- Developer: Synetic
- Publisher: Ferrari
- Series: Ferrari
- Engine: 3D Landscape Engine
- Platform: Windows
- Release: March 30, 2009
- Genre: Racing simulator
- Mode: Single-player

= Ferrari Virtual Race =

2009 racing simulator video game

Ferrari Virtual Race (FVR) is a racing simulator developed by Synetic and published by Ferrari for Windows. It was released on March 30, 2009, and could be downloadable from the Ferrari website.

==Gameplay==
Ferrari Virtual Race is a racing simulator in which player can drive three different Ferrari vehicles on the Mugello Circuit. The three cars player can drive are the Ferrari 599 GTB Fiorano, the Ferrari 612 Scaglietti, and the Ferrari 430 Scuderia, and you can apply different paint schemes to them. In the race settings, player can choose the number of laps or the number of opponents.
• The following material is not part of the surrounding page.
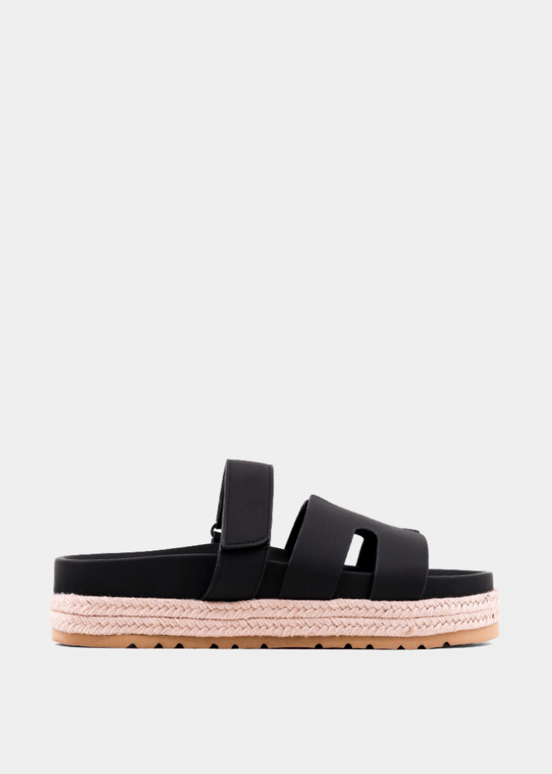 The IZZY in black is your go-to for effortless chic. Crafted from smooth faux leather, its wide straps and adjustable velcro closure ensure a secure fit, while the braided jute platform adds a touch of summer-ready texture. Pair them with anything from flowy dresses to relaxed denim for an elevated everyday look.

Furthermore, the AI of the opponents can be configured to make them more or less skilled. One of the most noteworthy aspects is its graphics; even the car bodywork is damaged upon impact. There are also many configuration options. Ferrari Virtual Race is a racing game that is somewhat limited, offering only one track and three cars.

==Reception==
Pelit gave a score of 60 out of 100 and liked the graphics but said there is a lack of content and the AI could be better. PC Jeux said the game has well-modeled cars and highly detailed environments but the car interiors look poor. Overall, they gave a positive review and recommended the game to fans of racing games that are easy to learn. Softpedia called the game "an above decent racing simulator". Drive.com.au wrote: "Graphics are top-notch for those of you with highly-specced computers, and while the gameplay isn't entirely realistic (drifting seems a little too easy), it's pretty accessible for novices."